Nursing Ed has taken on the task of educating one nurse per wing for PICC line certification and L-caths. Not an easy undertaking. It has taken close to 2 years for this to become a reality, but it's working. Most PICCs are not placed in an emergency setting and can wait a day or two.

We've never had an IV team, but I would like to see one formed. Not cost effective, however. You're right when saying some nurses lack the finer skills of inserting IV's, but we never have trouble finding someone who is willing to help. We like to call the Nurse Educator, it keeps her sharp. biggrin.gif

Our hospital is 250 beds. We have an IV team on 24/7. The floor nurses do flushes but all restarts are done by IV team. It is great. The IV nurses are excellent, one stick and they are in. No more of the pt getting stuck 3 or 4 times.

The team is also responsible for all dressing changes on C-lines etc.
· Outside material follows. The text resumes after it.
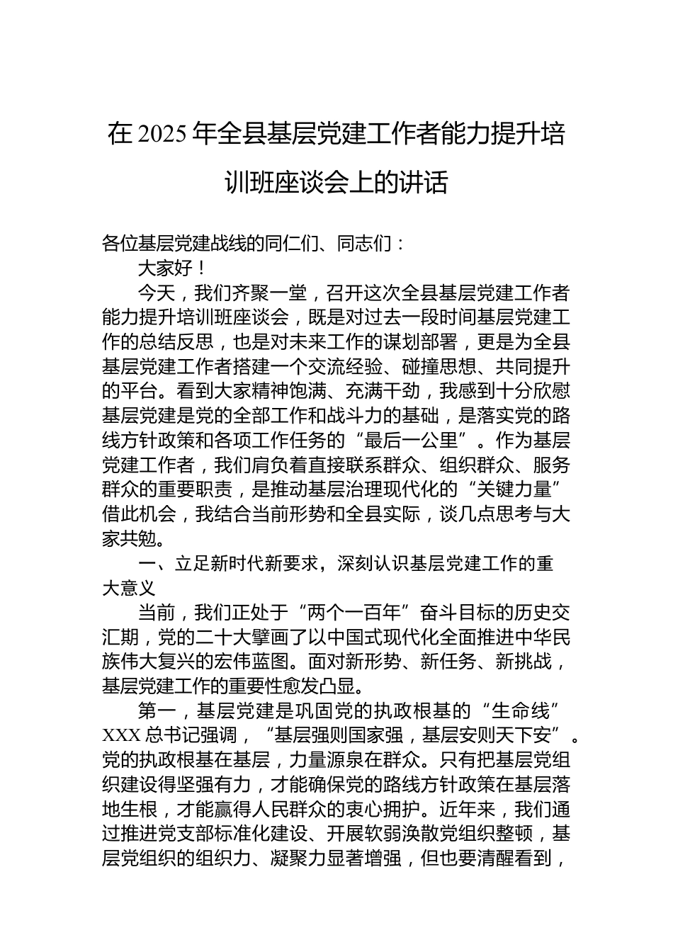 在2025年全縣基層黨建工作者能力提升培訓(xùn)班座談會上的講話

I to am an IV Nurse. I am glad that those folks who have responded feel that IV Therapy is invaluable not only to the patient but to the staff nurse as well. Right now in the US, litigations from IV complications are at an all time high. This is an invasive procedure and with the types of drugs we are currently infusing through those lines such things as infection, phlebitis and tissue and muscle damage are rampid.

We currently have 9 RN's who do PICC insertions, Implanted port accessing, difficult sticks, dressing on the PICC's and Ports as well as education. We also do CVAD repair and decloting.

We are currently looking into how we can charge for our services and become a revenue generating department.

I personally would never let anyone but an IV nurse place a line in me due jto the risks involved when someone doesn't realize the problems that can arise from a simple venipuncture.

I work at a large, teaching hospital. The I.V. team starts all I.V's. Except for our unit (stepdown) and the I.C.U's. When we have a hard I.V. start and a couple nurses try. We can call the I.V. nurses. It usually takes them 2-3 hours to get to our unit. And they're very great at I.V. insertion. I wish I was that good.

When I get pulled. I call the I.V. nurse. And poof there she/he is.

The last hospital I worked at, we had no I.V. team. There was a MUCH larger use of central lines. Dr.'s were inserting them left and right.

I am the vascular nurse for our 160 bed community hospital. I place 30-40 Midlines or PICCs per month; central line care; difficult sticks and am resource person.

The Site Rite, ultrasound from Bard, has significantly increased my success rate with Mids & PICCs.

We have quite a large IV team and I am thankful for their expertease and wisdom every time I work--their response time is usually less than 1/2 hr unless a trauma is called--I can't imagine a hospital w/o an IV team--This is a 350 plus teaching/trauma hospital. Others from Minnesota hospitals--do you all have IV teams?